Une fois encore, pour cet employé d’Odyssée, il importait que la cour d’appel indique — comme déjà souligné durant l’audience — que la librairie « n’est pas un magasin voué à perdre de l’argent, contrairement à ce que disait le Furet. Nous ne sommes pas éternellement condamnés : ce qui plombait les comptes, ce sont les frais d’amortissements. Ils ont cours durant deux ans encore, et nous verrons à l’échéance du prêt, comment se déroulent les négociations ».
Ce 20 juillet se déroulera une réunion générale à Triangle, regroupant également les salariés d’Odyssée, avec Amétis et l’administrateur qui gère Sauramps. « François Fontes et son associé Bertrand Barascud feront le passage de relais, et nous attendons désormais la mise en route, parce que les chantiers ne manquent pas. On ignore si les salariés d’Alès seront présents. »
En tout premier lieu, la nouvelle société qui reprend les établissements Sauramps devra ouvrir des comptes auprès de l’ensemble des fournisseurs. « Une nouvelle structure implique de nouvelles relations, mais il faudra également réalimenter le fonds, qui s’est progressivement restreint. Et puis, il y a la rentrée littéraire, et le marché scolaire pour Triangle. La logistique est déjà là, et maintenant nous attendons les fonds pour ce faire. »
Amétis a promis un apport financier immédiat, permettant de couvrir le montant du marché scolaire. « Cela dit, nous ne sommes aucunement naïfs devant cette reprise. Nous travaillons au sein d’un groupe avec un passif très lourd. Le départ de certaines personnes est primordial si nous souhaitons repartir. »
mise à jour 4 : 21h34
Un message diffusé auprès des salariés résume efficacement la situation.

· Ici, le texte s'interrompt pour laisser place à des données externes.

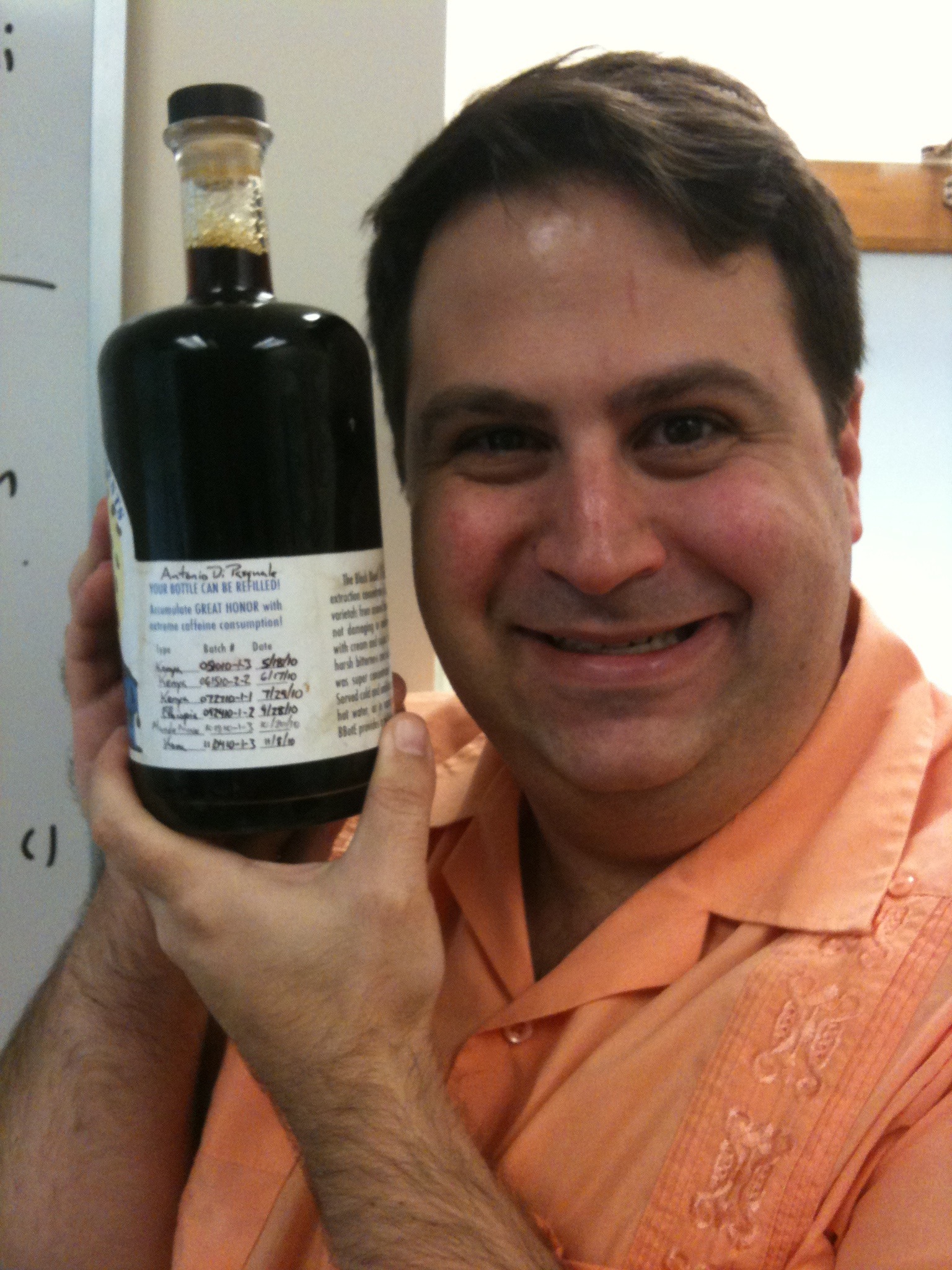 A toast to Antonio!  (The smile lets you know he senses your fear.  Back away slowly and leave the coffee and/or booze on the ground.  Do not take your eyes off his or he will attack.  If he bares fangs, run.)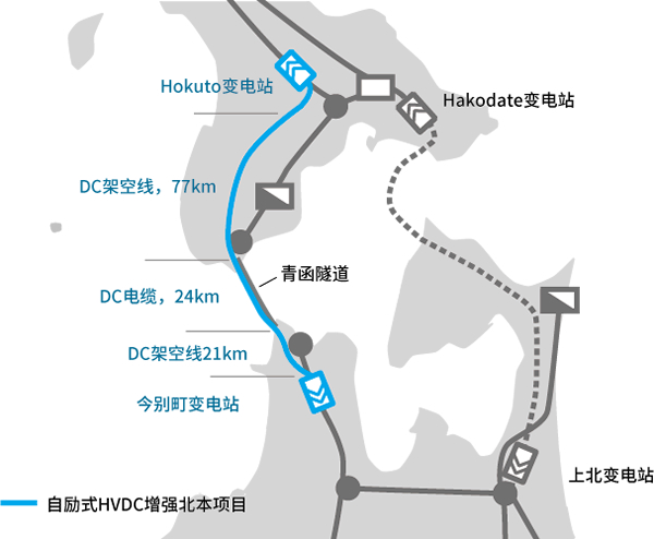 本技术适用于连接日本北海道 — 本州的自励式直流送电项目(300MW、DC 250kV、DC 1200A)。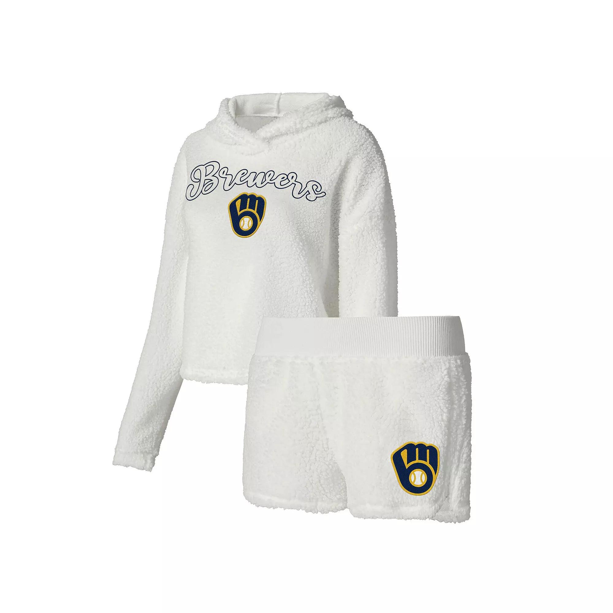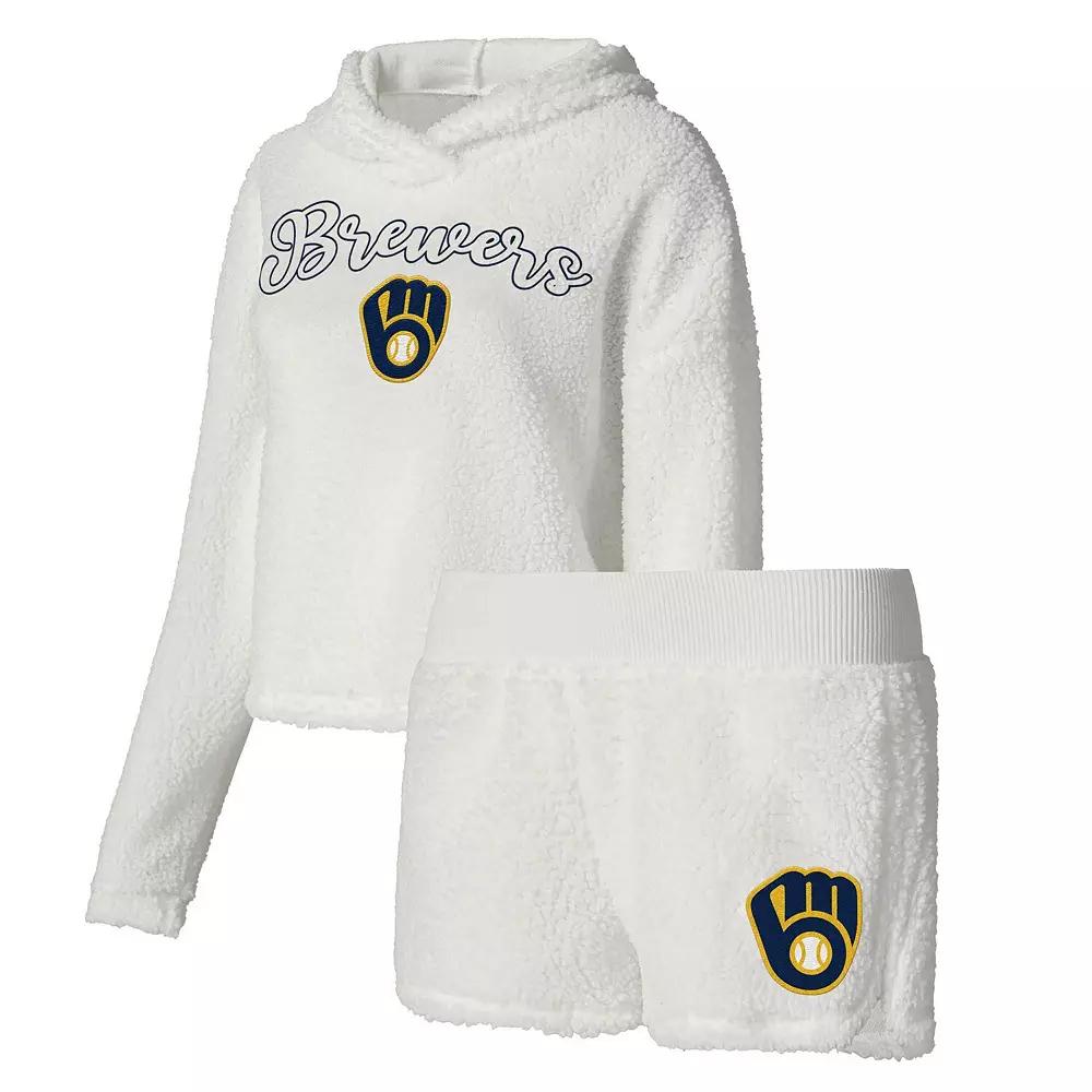 Head off to bed with unshakable Milwaukee Brewers spirits and in total comfort with this Fluffy hoodie and shorts sleep set from Concepts Sport. The cozy Sherpa fabric on the complementary top and bottoms adds the right amount of warmth to leave you dreaming of big Milwaukee Brewers wins. The printed graphics on both pieces leave no doubt about your enthusiasm, so youll wake up ready to root for your MLB squad. Elastic waistband on shorts Officially licensed Machine wash, tumble dry low Long sleeve Material: 100% Polyester - Body; 92% Polyester/8% Spandex - Trim Fabric Inseam on size M measures approx. 2.5 Lightweight hoodie suitable for mild temperatures Inseam on size S measures approx. 2.5 Droptail hem with side splits Imported Brand: Concepts Sport Sherpa fabric Set includes: Long sleeve hoodie T-shirt and Shorts Embroidered graphics
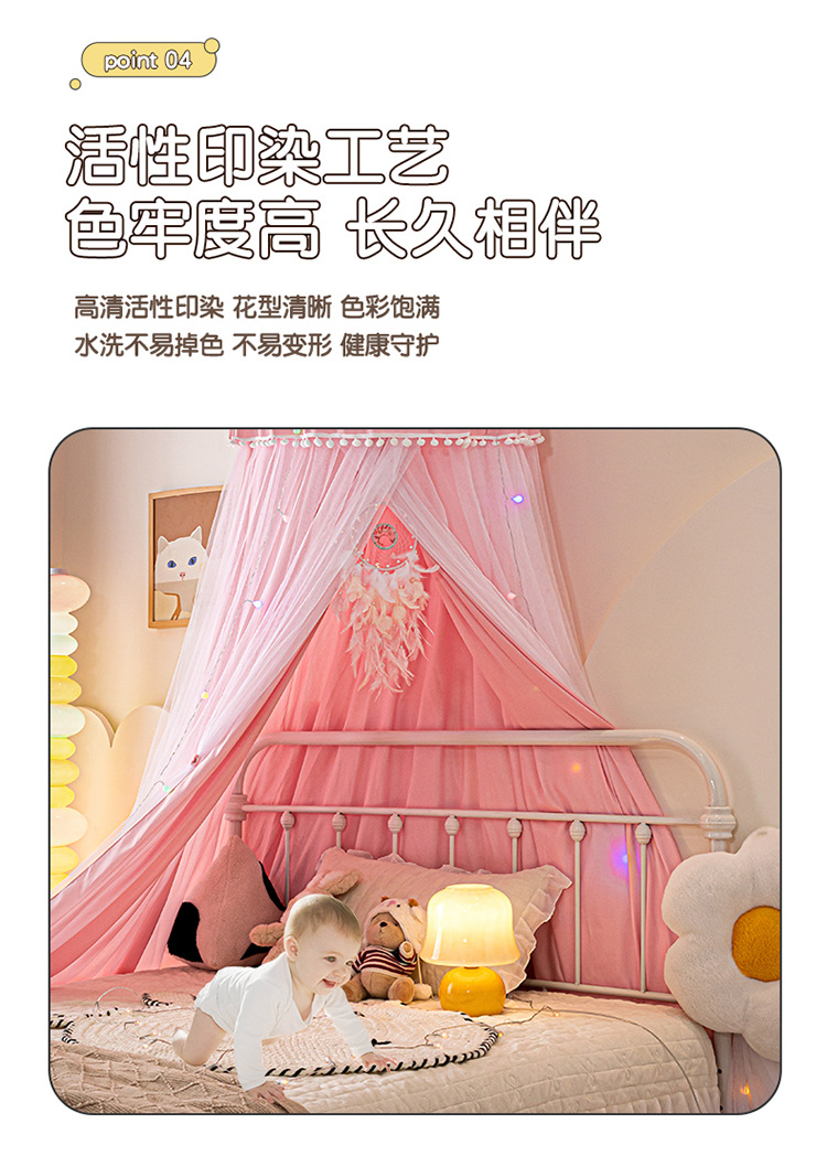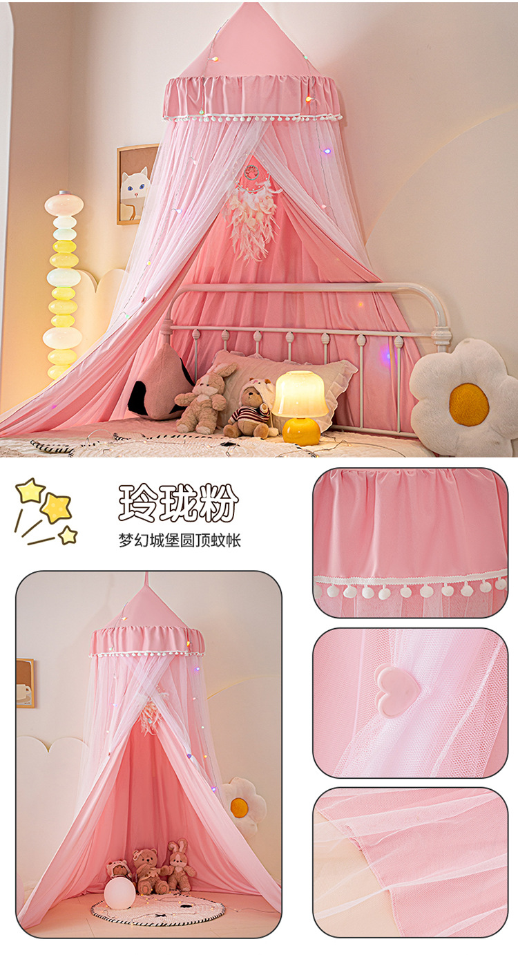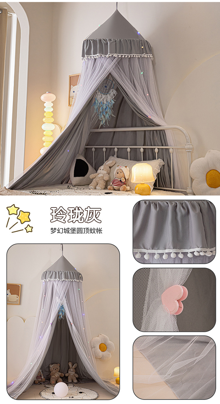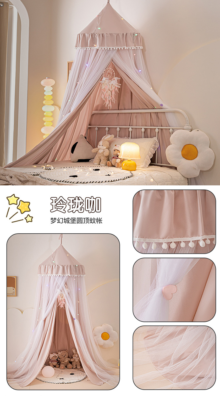 2024 새로운 어린이 라운드 더블 레이어 천 커튼 모기장 돔 침대 커튼 방풍 아기 침대 둘레 침대 장식 텐트스토어 가기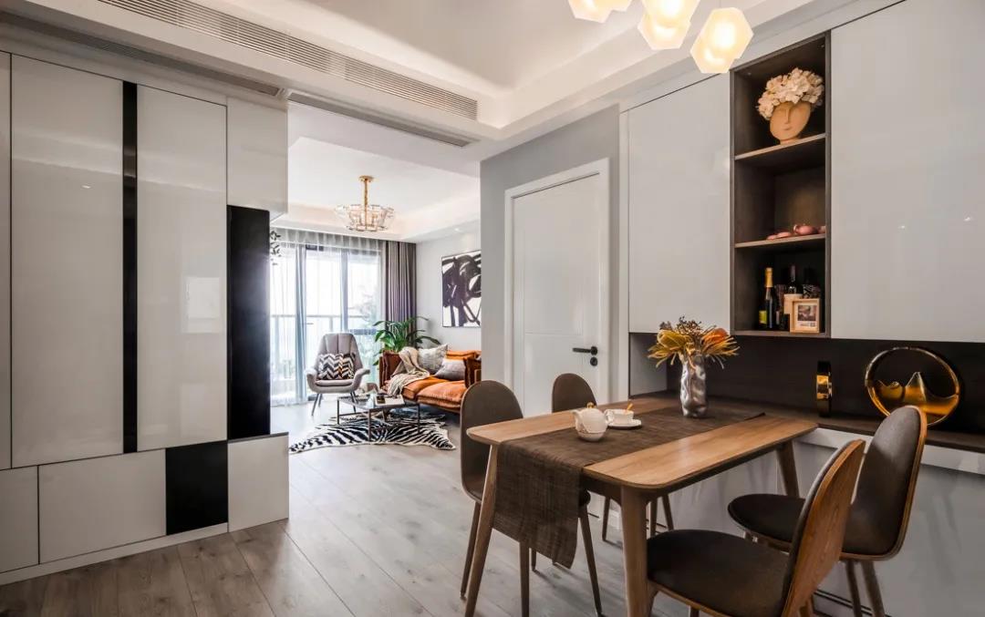 ??如果想要風格換然一新,有住新房的感覺,老氣的護墻板、壁紙全都要拆掉,墻面重新刮膩子、刷白,一側墻面定制了一整面墻的柜子,一面好看的定制柜的確能提高房間的整體格調。

C'est un double soulagement pour les salariés. En premier lieu car cela sauve un bien plus grand nombre d'emplois (94 contre 57), mais surtout car c'est la fin d'un trop long épisode judiciaire.
Les équipes de Sauramps souhaitent maintenant se remettre au travail, passer à une autre direction que celle qui les a amené au bord du précipice et rencontrer ses nouveaux "patrons" pour qu'ils puissent répondre aux interrogations qui perdurent dans l'esprit de quelques uns.
Nous espérons également pouvoir rapidement entammer des négociations pour que soit conserver encore plus de personnes et éventuellement accompagner d'avantage les salariés licenciés.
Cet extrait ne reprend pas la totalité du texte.